Алене не дано было узнать, как все свершилось бы, происходи оно в точности по законному раскладу. Но отец ее, высокий, ладный, красивый Надея Светешников, за эту зиму от терзаний душевных преждевременно состарившийся, после одного-единственного удара по ногам пронзительно вскрикнул, схватился за сердце – да повалился замертво, и Алена, прорвавшись сквозь стражу и подбежав к недвижимому отцу, с ужасом смотрела, как багровеет, а потом чернеет его лицо.
Боли позорной не снес ли Надея, или в его перетруженных неустанными долголетними хождениями по лесам и полям ногах вдруг сорвался с места сгусток крови и закупорил жизнетворные токи? Сие осталось неведомым. Теперь он был свободен от всех своих земных долгов, и Алена осталась перед их лицом одна.
Конечно, домишко их со всем скарбом перешел во владение Никодима Мефодьича. Алена была так напугана внезапно свалившимся на нее одиночеством, так ошарашена бездомностью, что почти с благодарностью приняла участь свою: служила в доме заимодавца, отрабатывая непокрытый долг. Спустя месяц черной изнуряющей работы Никодим к ней посватался. Алена отвергла его не столько с отвращением, сколько с изумлением: тридцатилетняя разница в возрасте казалась ей не только чудовищной, но и позорною.
И тогда Никодим показал ей расписку. Алена едва узнала руку отца в корявых, скачущих строчках:
«А буде я, Надея Светешников, на тот срок денег не выплачу, ему, Никодиму Журавлеву, той моей дочерью Аленою владеть и на сторону продать и заложить…»
Как, какими посулами или угрозами вырвал Никодим у Светешникова сию кабальную запись, Алене было неведомо. Она знала одно: отец и ее сделал закладом! Кажется, это открытие подействовало на девушку даже пуще его смерти. Почти лишившись способности здраво соображать, Алена более не перечила властному соседу, хотя и по сию пору не понимала, зачем понадобилась свадьба: девка могла принадлежать ему и блудно. Конечно, Никодим мечтал о сыне, однако чем прельстила его Алена? Сей вопрос более всего занозил и раздражал Ульянищу. То-то она и мстила как могла ненавистной жене братовой…

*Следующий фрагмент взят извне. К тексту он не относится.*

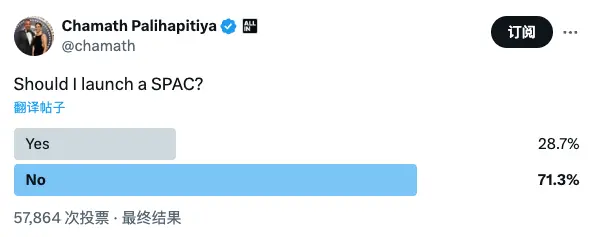 而 Palihapitiya「做局割韭菜」这一论点并非空穴来风,自 2020 年以来 Palihapitiya 操盘的 SPAC 达数十个,包括 Virgin Galactic、Opendoor Technologies、Clover Health、SoFi Technologies 等,但大多投资者在其操盘的项目中都很难挣到钱,计算后得知如果有人拿 100 美元投资他所有 SPAC 的项目, 到现在为止亏损已经超过 70% 。而在 X 上投票得到悬殊数量的 NO 以后也让他在自己的评论区爆出了金句「No crying in the casino!!」,有社区成员猜测随着「币股公司」的热潮,Palihapitiya 这一举应该是想要结合自己的华尔街人脉资源,借壳上线「某个加密代币」的上市公司,但事实缺乏考证。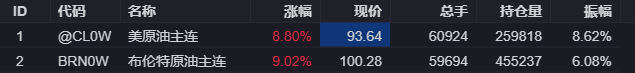 消息面上,国际原油期货盘中短线拉升,布伦特原油价格涨幅一度扩大至10%,现涨超9%,重回100美元上方,WTI原油期货涨幅一度扩大至9%,现涨8.80%。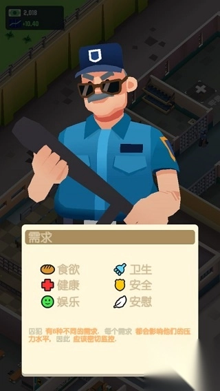 通过对打架斗殴行为的管控来提升自身声望,以智能化方式管理囚犯的需求,确保能随时满足他们。为狱警配备最优质的安保装备,负责看守那些最为危险的囚犯,在必要情况下对其实施单独监禁。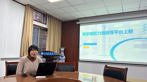 随后,顾奕主任以《听力随身练》教材开发为例介绍了外教社数字出版中心数字平台最新研发情况。徐青总监详细介绍了听力随身练的新功能、竞赛活动和wetest组卷功能等内容,讲解如何利用科学的听力训练体系提升学生的听力理解能力。最后在讨论环节,专家们认真听取了系部主任及任课教师反馈的教材使用方面的问题,并就如何优化教材内容和小程序功能进行了深入的探讨和交流。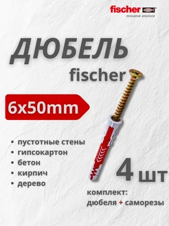 Дюбель Fischer 6x50 мм + шуруп, 4 шт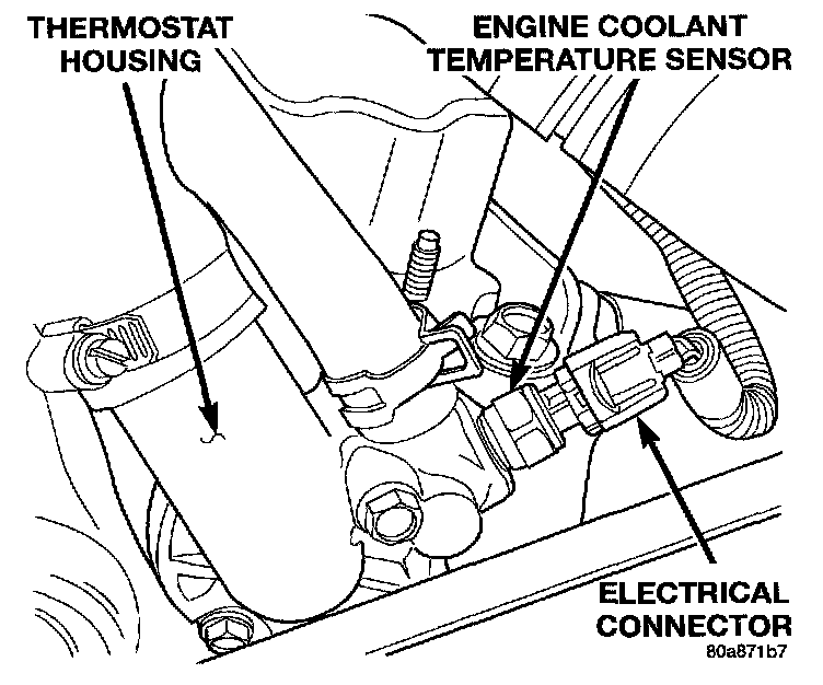 The engine coolant temperature sensor is installed in the thermostat housing and protrudes into the water jacket. The sensor provides an input voltage to the Powertrain Control Module (PCM) relating coolant temperature. The PCM uses this input along with inputs from other sensors to determine injector pulse width and ignition timing. As coolant temperature varies, the coolant temperature sensor's resistance changes. The change in resistance results in a different input voltage to the PCM.

Алена так и не сомкнула глаз до рассвета. Что делать, что делать – только о том и думала! Пугающие мысли о будущем мешались с тяжкими воспоминаниями, и она изошла бы горькими слезами, когда с тех воспоминаний не пробилось одно – то самое, от которой у нее всегда перехватывало дыхание.
…Накануне, на Аграфену-Купальницу[12], Алена вволю напарилась с хозяйскими дочками в бане. Они тогда с отцом стояли постоем в Любавине, небольшой деревне близ Нижнего Новгорода. Потом Алена с девками полезли на крышу бани: веники кидать. Старинное гадание, очень в него жительницы Любавина верили!
Девки, затаив дыхание, глядели, куда упадут вершинами: к селу или к погосту. Упадет к погосту – непременно же на этот год помрешь, ну а к селу – жива останешься. Ничей веник, слава Богу, не указал на скорое прекращение жизни, да еще и другим девки были озабочены: куда веник комлем упадет. Ведь в ту сторону замуж идти!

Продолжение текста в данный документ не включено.